Rust async batching with benjamin-batchly

Sometimes instead of doing lots of little things concurrently, it is better to bundle them together and do them all at once, as a batch. So on a bank holiday Thursday morning I awoke early (mostly due to the screams of my 1 year old boys) and (after the screaming stopped) wrote a crate to help do that: benjamin_batchly.

Example: Inserting into a database

A recurring theme of database optimisation is reducing “trips” to the database. It is usually faster to send 1 fat message containing N items than it is to send N thin messages containing just 1 item.

Consider a crud-style create request which we’d like to insert into a database.

async fn handle_create_foo(db: &Db, data: CreateFooRequest) -> Result<(), Error> {
    let db_item = DbItem::from(data);
    db.insert(db_item).await?;
    Ok(())
}

So for each CreateFooRequest we will insert a single item into our db. We can batch these with a BatchMutex.

use benjamin_batchly::{BatchMutex, BatchResult};

async fn handle_create_foo(
    batch_mutex: &BatchMutex<(), DbItem>,
    db: &Db,
    data: CreateFooRequest,
) -> Result<(), Error> {
    let db_item = DbItem::from(data);
    match batch_mutex.submit((), db_item).await {
        BatchResult::Work(mut batch) => {
            db.bulk_insert(&batch.items).await?;
            batch.notify_all_done();
            Ok(())
        }
        BatchResult::Done(_) => Ok(()),
        BatchResult::Failed => Err(Error::BatchFailed),
    }
}

Submitting to the BatchMutex provides 3 async outcomes.
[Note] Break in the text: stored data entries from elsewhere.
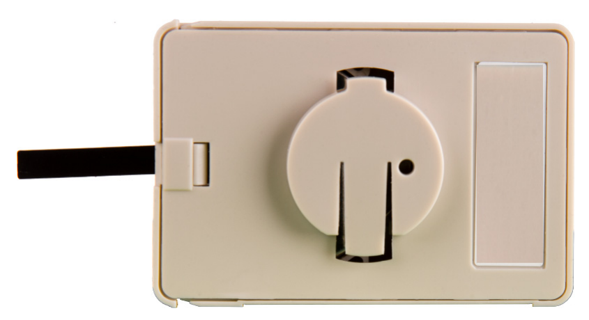
Figure 4-2 Universal Style Beacon - Part Number - MPACT-T1B10-000-WR

When installing numerous beacons, group beacons by category configurations and activate the beacons prior to scanning the barcodes and associating them with positions in the Toolbox.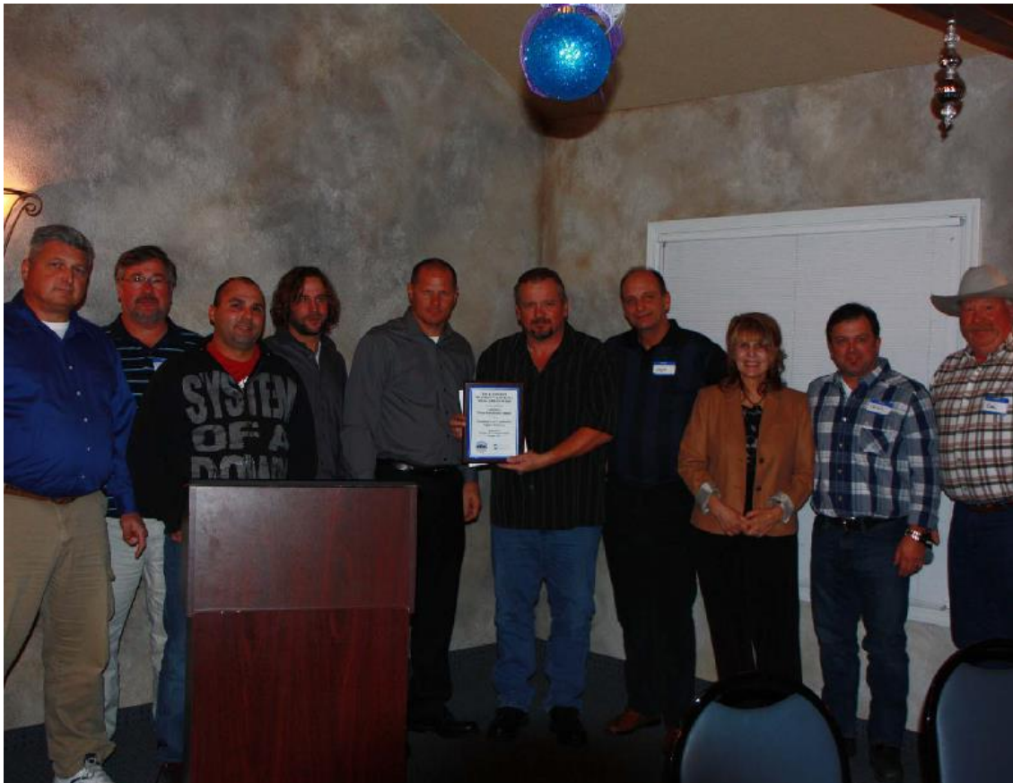
Excellence Award 2014 – Team Construction D&D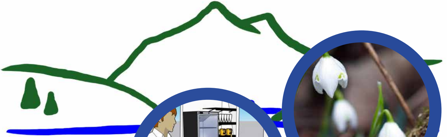
Pic Right: New kitchen design image Pic Below: Trustees clearing out the old kitchen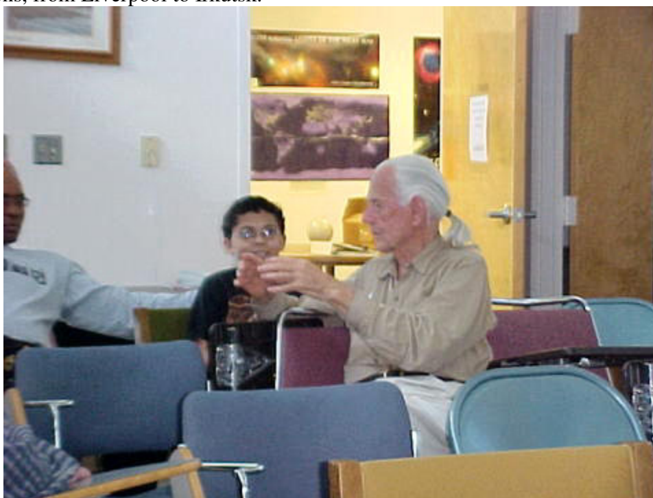
Dobson at HCAS Observatory.

By 1968, he had made dozens of telescopes and had taught others to do so as well. The monks, however, had become angered with the time he had spent doing this "hobby" and expelled him from the monastery. Initially distraught over the monks' decision, Dobson founded his own organization, the Sidewalk Astronomers , which has become nationwide. For almost 40 years, he has travelled the world with his telescopes, from state parks to Indian reservations, from Liverpool to Irkutsk.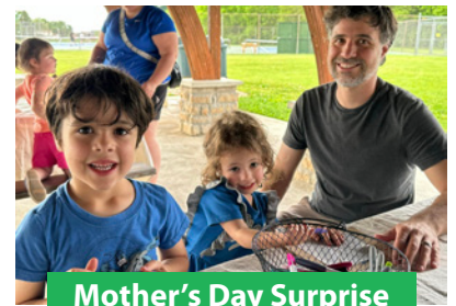
Mother's Day Surprise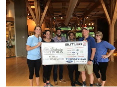
This Week's Program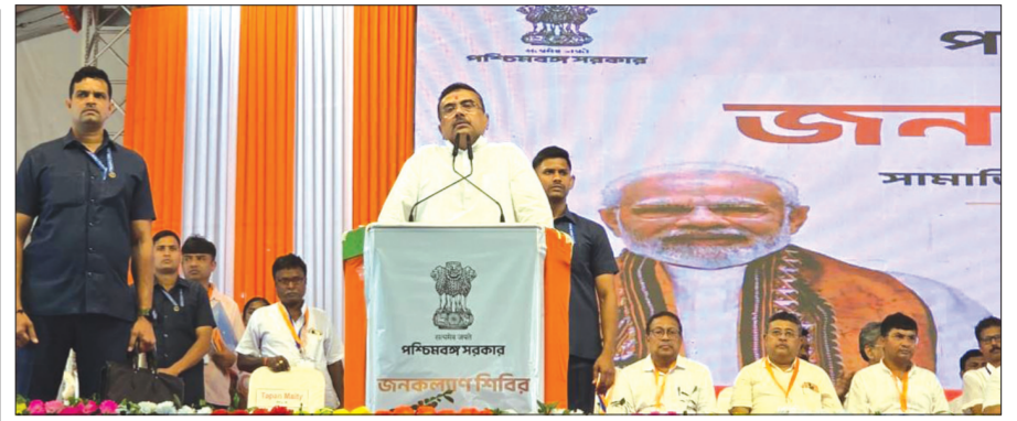
West Bengal Chief Minister Mamata Banerjee, under the initiative of the state government, inaugurated a welfare camp to ensure that the benefits of various social security schemes and civic services reach the people at Reyapara in Nandigram on Monday.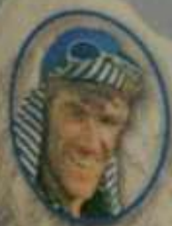
EDMUND HILLARY New Zealand, 1953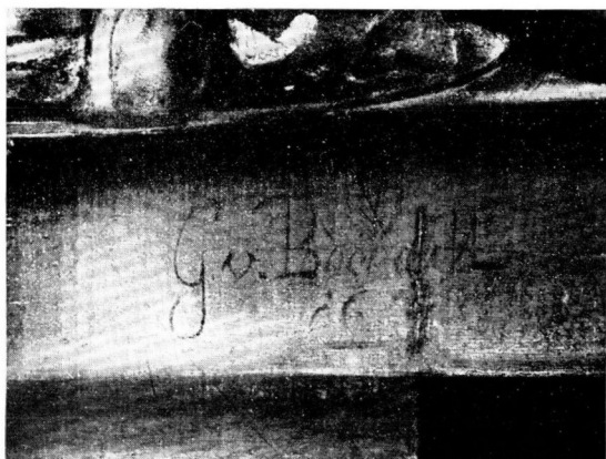
1A. DETAIL WITH SIGNATURE OF Nr. 1.

Work A batch of 1 or more items, including the one submitted, which should be handled.
Done The submitted item was handled in a batch by another submitter & notified done.
Failed The submitted item was handled in a batch by another submitter but dropped before notifying done.

So if 100 CreateFooRequest requests come in while a batch is ongoing they’ll await at submit. Once the previous batch has finished all waiting submissions become the next batch. 1 call will return BatchResult::Work and after the batch.notify_all_done() call 99 others will return BatchResult::Done.

Note: In the example I used the unit type () as the first argument for submit. This is the “batch key” which can be used to partition batching. Only items submitted with the same batch key are bundled together which is useful in more general cases.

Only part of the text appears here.